Existence and non-uniqueness of stationary distributions for distribution dependent SDEs

TL;DR

This paper investigates the existence and non-uniqueness of stationary distributions for distribution dependent SDEs, employing ergodicity, fixed point theorems, and transformations to handle singular coefficients, with concrete examples illustrating non-uniqueness.

Contribution

It provides new results on the existence of stationary distributions and demonstrates non-uniqueness in certain classes of distribution dependent SDEs, including those with singular coefficients.

Findings

Existence of stationary distributions established using ergodicity and Schauder fixed point theorem.

Non-uniqueness of stationary distributions demonstrated for regular coefficient equations.

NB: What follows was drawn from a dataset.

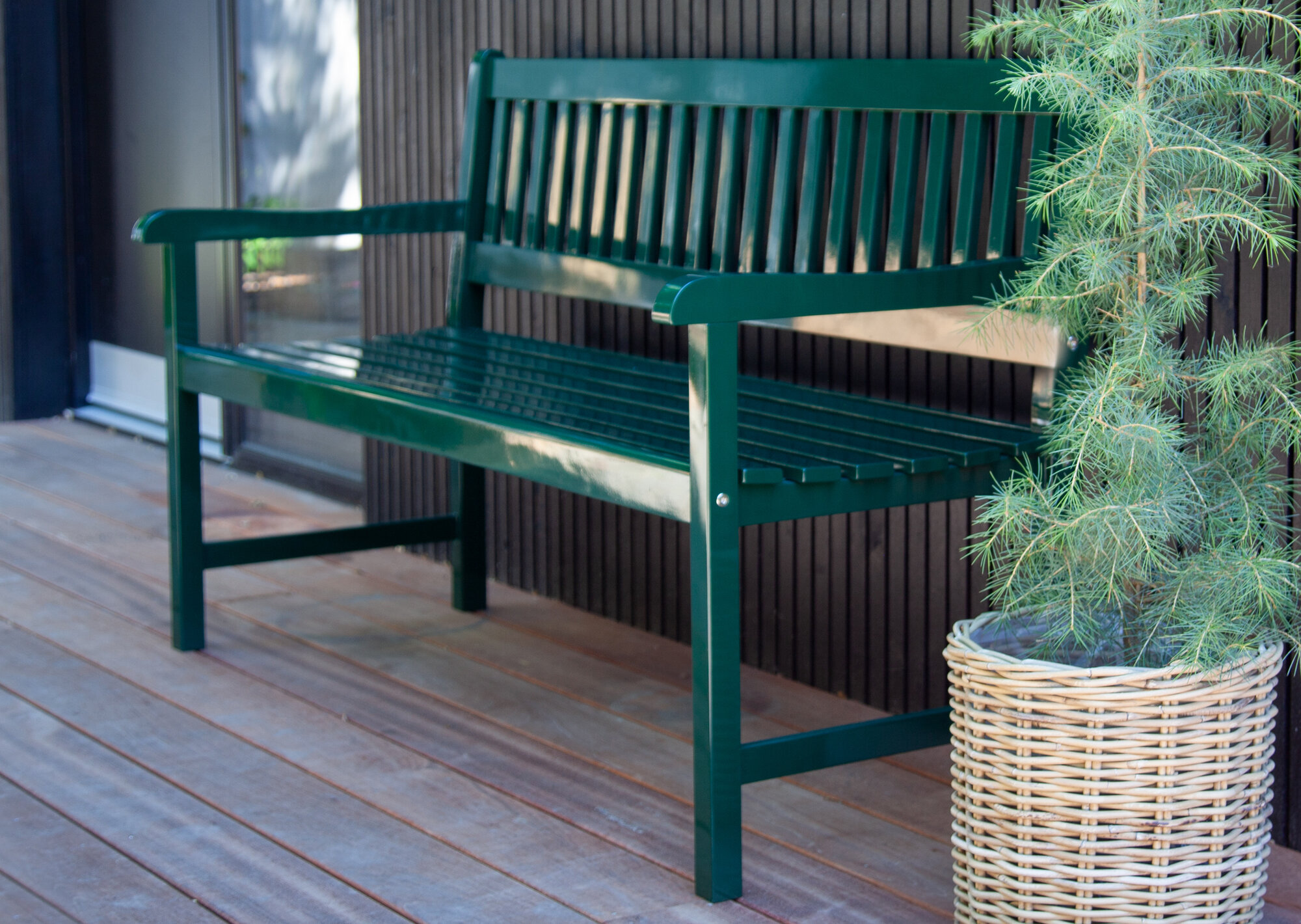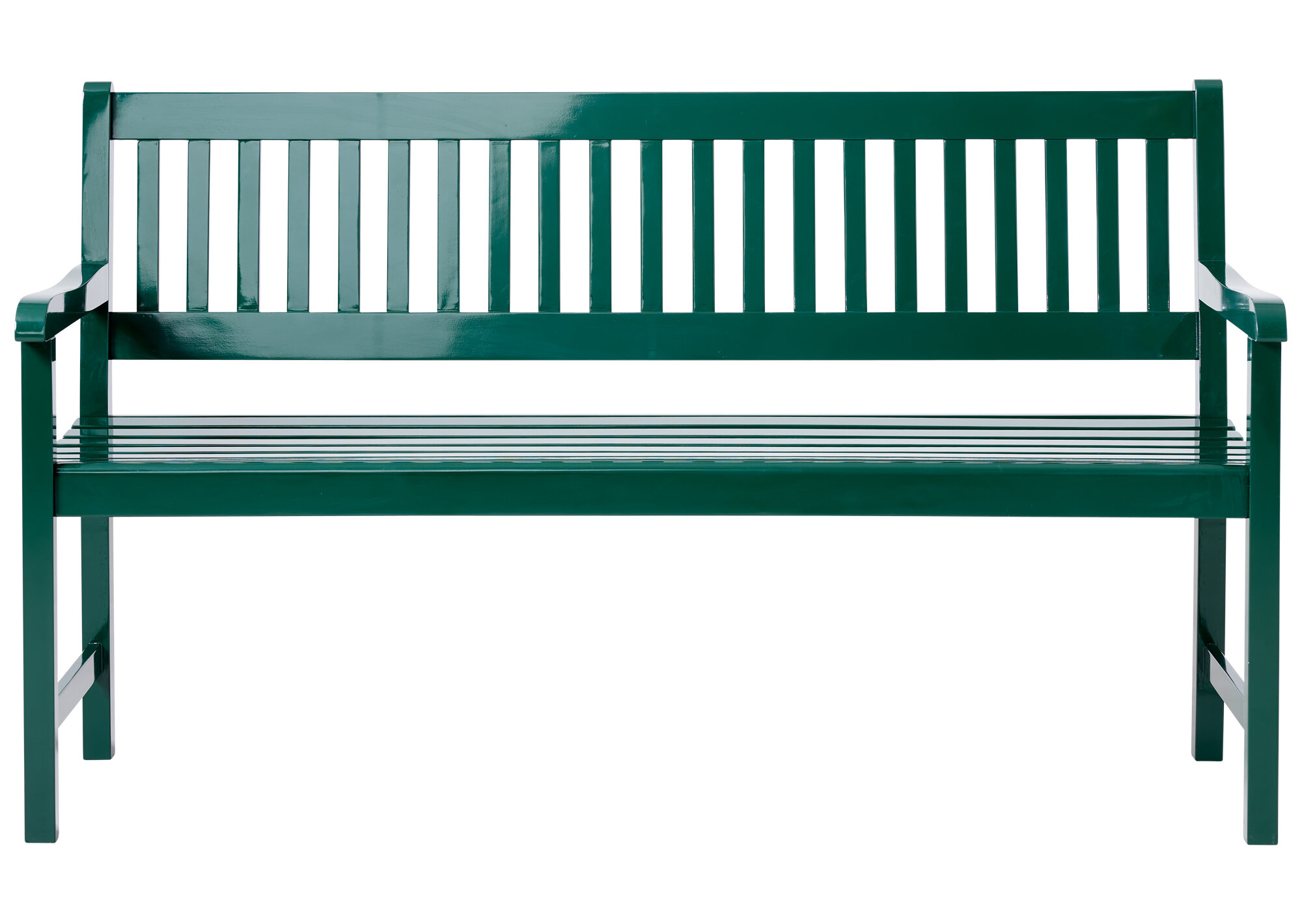 Blanklackad trädgårdssoffa i mörkt grön. Gjord i mahogny som är ett hårt träslag som lämpar sig väl att lacka på.

Concrete examples include McKean-Vlasov equations with quadratic and non-quadratic interactions.

Abstract

The existence of stationary distributions to distribution dependent stochastic differential equations are investigated by using the ergodicity of the associated decoupled equation and the Schauder fixed point theorem. By using Zvonkin's transformation, we also establish the existence result for equations with singular coefficients. Instead of the uniqueness, the non-uniqueness of stationary distributions are considered for equations with regular coefficients. Concrete examples including McKean-Vlasov stochastic equations with the quadratic interaction and the non-quadratic interaction, and equations with a bounded and discontinuous drift are presented to illustrate our non-uniqueness results.